■ **ACTION ITEM**:
Once the line holding "y = x + np.random.randn(50)" is found, output it and all remaining lines of the data exactly, with every picture left out.

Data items
*** Begin section ***
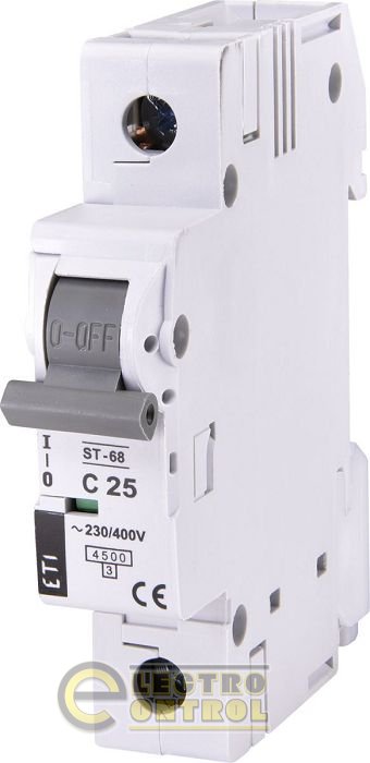 ST 68 1p C 25А 2181318 AC автоматический выключатель ETI, который предназначен для защиты электрических цепей от перегрузок и коротких замыканий.
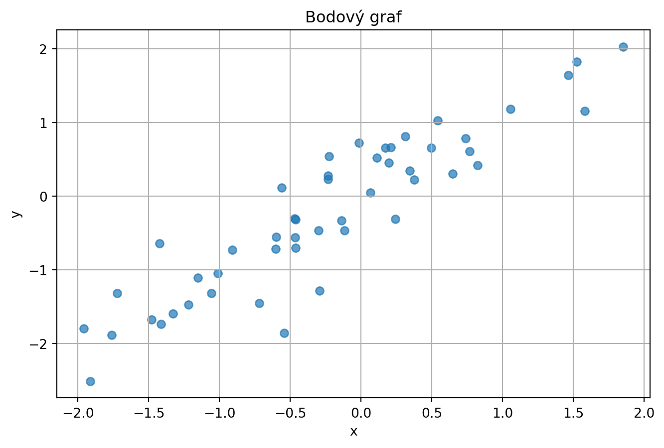 y = x + np.random.randn(50) * 0.5 # y závisí na x + šum
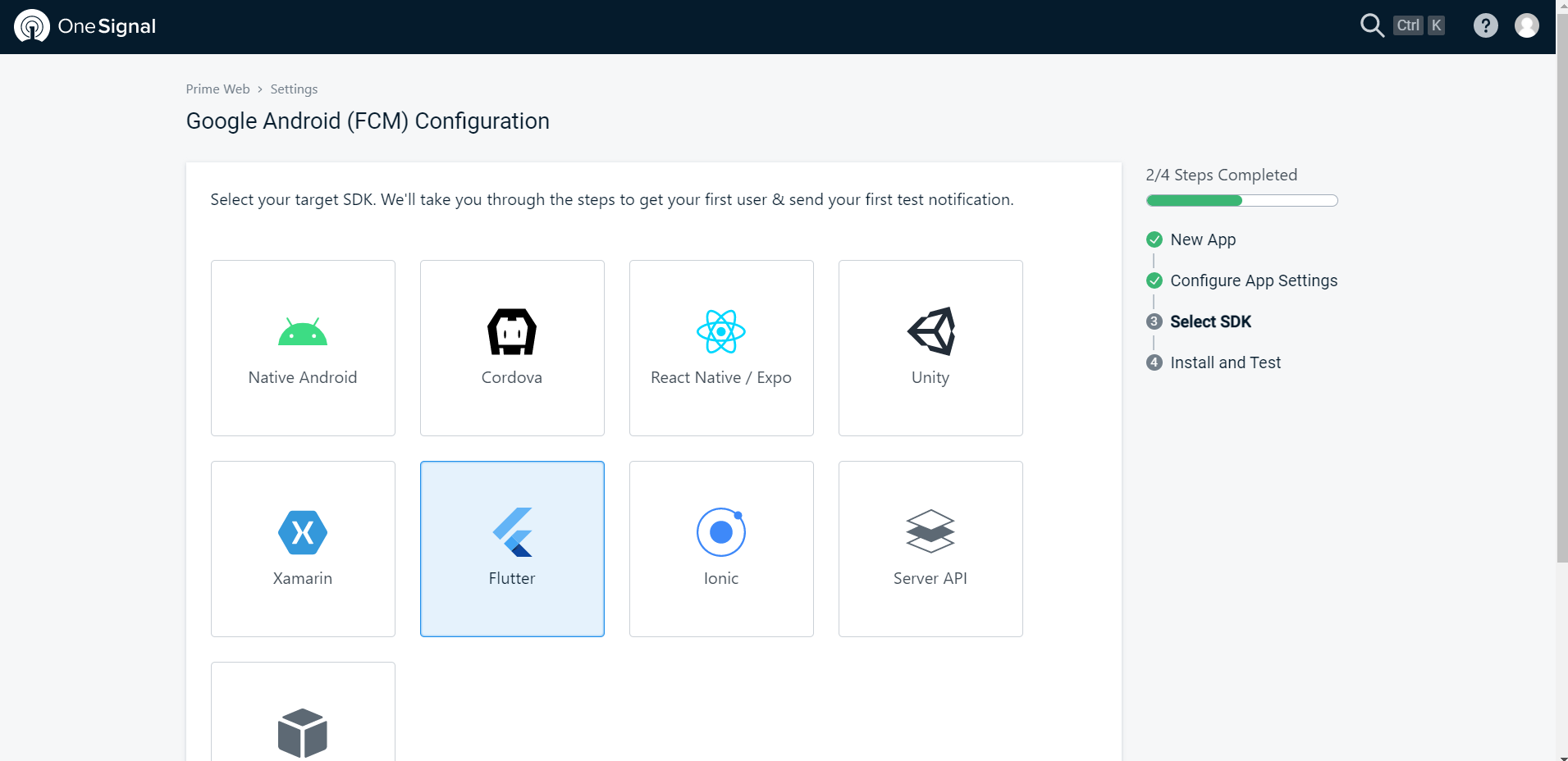 page, click the Android icon to launch the setup workflow.
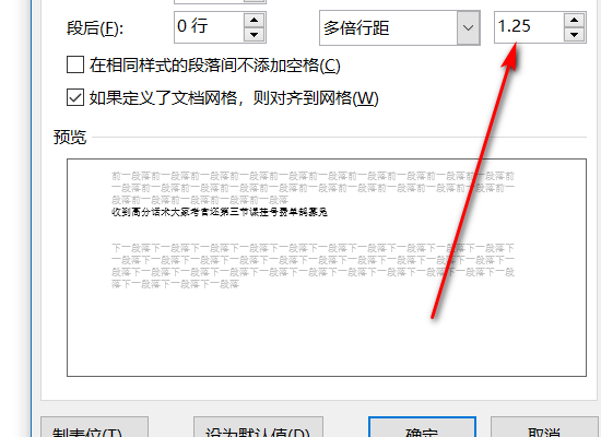 5.输入完毕后找到下方确定选项,点击该选项即可成功设置1.25倍行距,如下图所示。
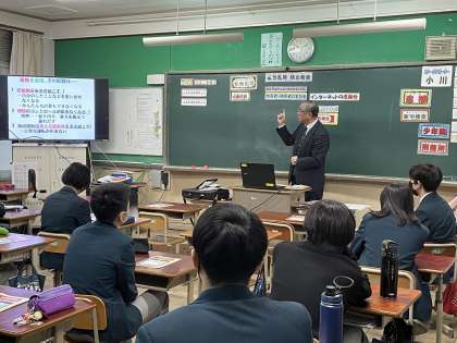京都府警OBのスクールサポーターの方を講師にお迎えし、「薬物乱用防止教室」をクラス毎に行いました。薬物の怖さについてのお話を真剣な表情で聴く生徒の姿がとても印象的でした。
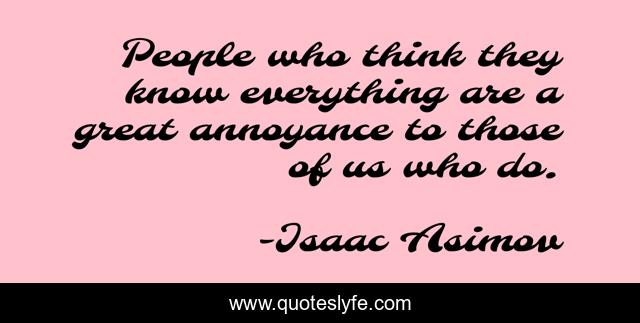 "Isaac Asimov Quotes." Quoteslyfe.com, 2025. Sun. 07 Dec. 2025. <https://www.quoteslyfe.com/quote/People-who-think-they-know-everything-are-310879>.
*** End section ***
■ **RESULT**:
 y = x + np.random.randn(50) * 0.5 # y závisí na x + šum
 page, click the Android icon to launch the setup workflow.
 5.输入完毕后找到下方确定选项,点击该选项即可成功设置1.25倍行距,如下图所示。
京都府警OBのスクールサポーターの方を講師にお迎えし、「薬物乱用防止教室」をクラス毎に行いました。薬物の怖さについてのお話を真剣な表情で聴く生徒の姿がとても印象的でした。
 "Isaac Asimov Quotes." Quoteslyfe.com, 2025. Sun. 07 Dec. 2025. <https://www.quoteslyfe.com/quote/People-who-think-they-know-everything-are-310879>.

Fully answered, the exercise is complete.